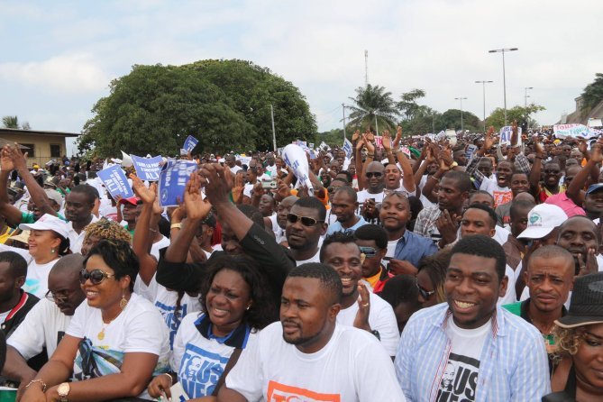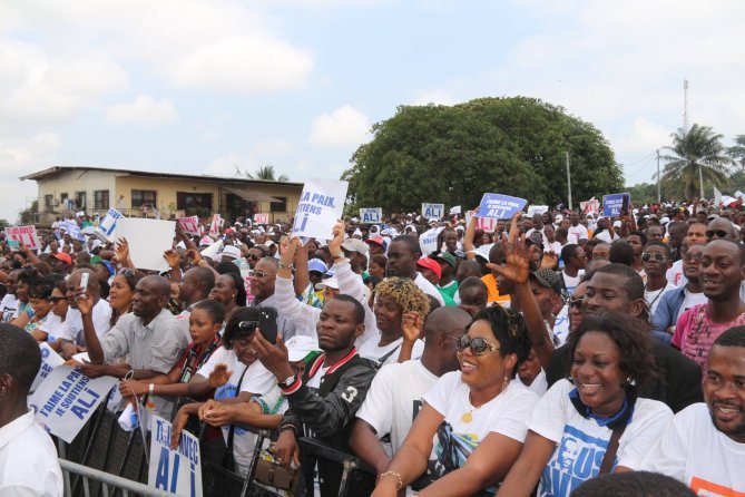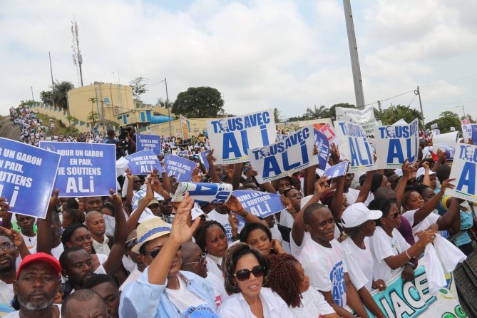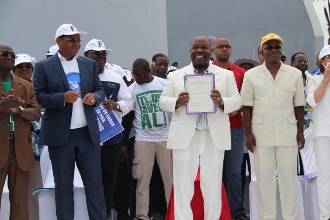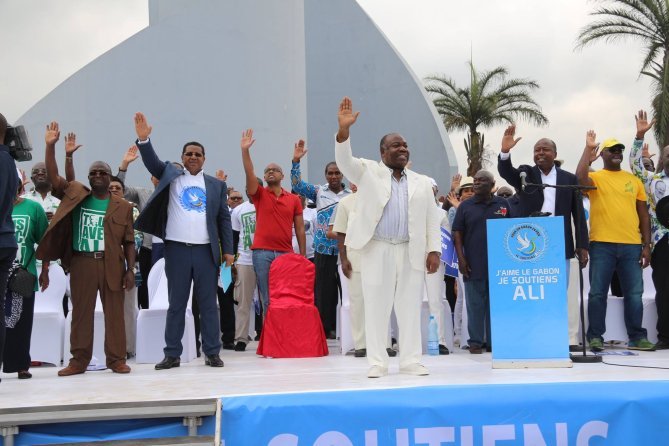 Quelques images du show politique d’Ali Bongo consécutif au dépôt officiel de sa candidature pour la présidentielle gabonaise d’août 2016. C’était samedi 9 juillet au rond-point de la Cité de la démocratie à Libreville.
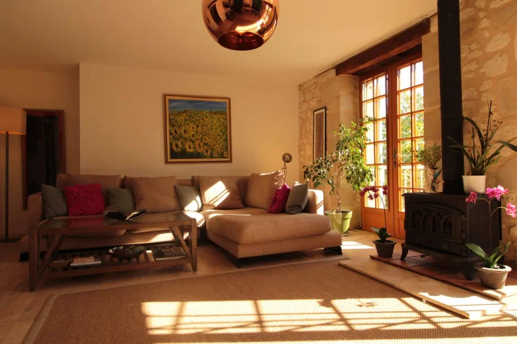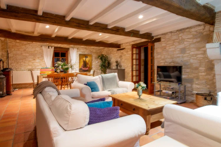 Grange Lounge with French doors to terrace, South Facing.
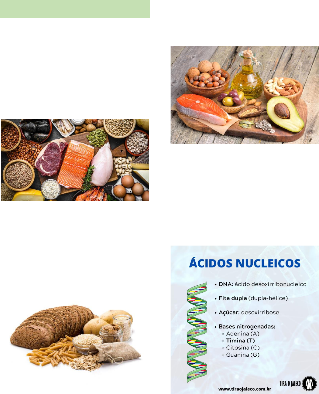 Principais compostos orgânicos presentes nos seres vivos Proteínas: As proteínas são compostas orgânicos abundantes encontrados em todos os organismos. De acordo com alguns autores, em animais superiores, essas macromoléculas constituem aproximadamente 50% do peso seco de seus tecidos. As proteínas estão presentes em praticamente todas as estruturas celulares, sendo ainda responsáveis pela constituição de anticorpos e hormônios, por exemplo. Suas funções são: regulatórias, transportadoras, de armazenamento, contráteis e móveis, estruturais, protetoras, exóticas e enzimáticas. Carboidratos: Os carboidratos são importantes biomoléculas, conhecidas também como hidratos de carbono, glicídios, ou açúcares, formadas fundamentalmente por átomos de carbono, hidrogênio e oxigênio. São as biomoléculas mais abundantes na natureza e sua maioria apresenta a seguinte fórmula geral: (CH 2 O) n. Suas principais funções são: fonte de energia, reserva de energia, estrutural e combustível para o sistema nervoso central. Lipídeos: São substâncias cuja característica principal é a insolubilidade em solventes polares e a solubilidade em solventes orgânicos (apolares), apresentando natureza hidrofóbica, ou seja, aversão à molécula de água. Os lipídios podem ser classificados em óleos (substâncias insaturadas) e gorduras (substâncias saturadas), que são encontrados nos alimentos tanto de origem vegetal quanto animal, como nas frutas (abacate e coco), na soja, na carne, no leite e seus derivados e também na gema de ovo. Suas principais funções são: armazenamento de energia, componentes de alguns sistemas enzimáticos, têm funções hormonais (hormônios esteróides) e vitaminas, atuam como isolantes térmicos. Ácidos Nucleicos: Os ácidos nucleicos podem ser definidos como polímeros (macromoléculas formadas a partir de unidades menores) compostos por moléculas conhecidas como nucleotídeos. Os dois ácidos nucleicos existentes são o ácido desoxirribonucleico (DNA) e o ácido ribonucleico (RNA). Eles são responsáveis por codificar e traduzir as informações que determinam a síntese das várias proteínas encontradas nos seres vivos. Suas principais funções são: armazenamento, transmissão e uso da informação genética.

## Task statement
What is needed here is each line above set down word for word, minus the images.

## Exercise solution
 Quelques images du show politique d’Ali Bongo consécutif au dépôt officiel de sa candidature pour la présidentielle gabonaise d’août 2016. C’était samedi 9 juillet au rond-point de la Cité de la démocratie à Libreville.
 Grange Lounge with French doors to terrace, South Facing.
 Principais compostos orgânicos presentes nos seres vivos Proteínas: As proteínas são compostas orgânicos abundantes encontrados em todos os organismos. De acordo com alguns autores, em animais superiores, essas macromoléculas constituem aproximadamente 50% do peso seco de seus tecidos. As proteínas estão presentes em praticamente todas as estruturas celulares, sendo ainda responsáveis pela constituição de anticorpos e hormônios, por exemplo. Suas funções são: regulatórias, transportadoras, de armazenamento, contráteis e móveis, estruturais, protetoras, exóticas e enzimáticas. Carboidratos: Os carboidratos são importantes biomoléculas, conhecidas também como hidratos de carbono, glicídios, ou açúcares, formadas fundamentalmente por átomos de carbono, hidrogênio e oxigênio. São as biomoléculas mais abundantes na natureza e sua maioria apresenta a seguinte fórmula geral: (CH 2 O) n. Suas principais funções são: fonte de energia, reserva de energia, estrutural e combustível para o sistema nervoso central. Lipídeos: São substâncias cuja característica principal é a insolubilidade em solventes polares e a solubilidade em solventes orgânicos (apolares), apresentando natureza hidrofóbica, ou seja, aversão à molécula de água. Os lipídios podem ser classificados em óleos (substâncias insaturadas) e gorduras (substâncias saturadas), que são encontrados nos alimentos tanto de origem vegetal quanto animal, como nas frutas (abacate e coco), na soja, na carne, no leite e seus derivados e também na gema de ovo. Suas principais funções são: armazenamento de energia, componentes de alguns sistemas enzimáticos, têm funções hormonais (hormônios esteróides) e vitaminas, atuam como isolantes térmicos. Ácidos Nucleicos: Os ácidos nucleicos podem ser definidos como polímeros (macromoléculas formadas a partir de unidades menores) compostos por moléculas conhecidas como nucleotídeos. Os dois ácidos nucleicos existentes são o ácido desoxirribonucleico (DNA) e o ácido ribonucleico (RNA). Eles são responsáveis por codificar e traduzir as informações que determinam a síntese das várias proteínas encontradas nos seres vivos. Suas principais funções são: armazenamento, transmissão e uso da informação genética.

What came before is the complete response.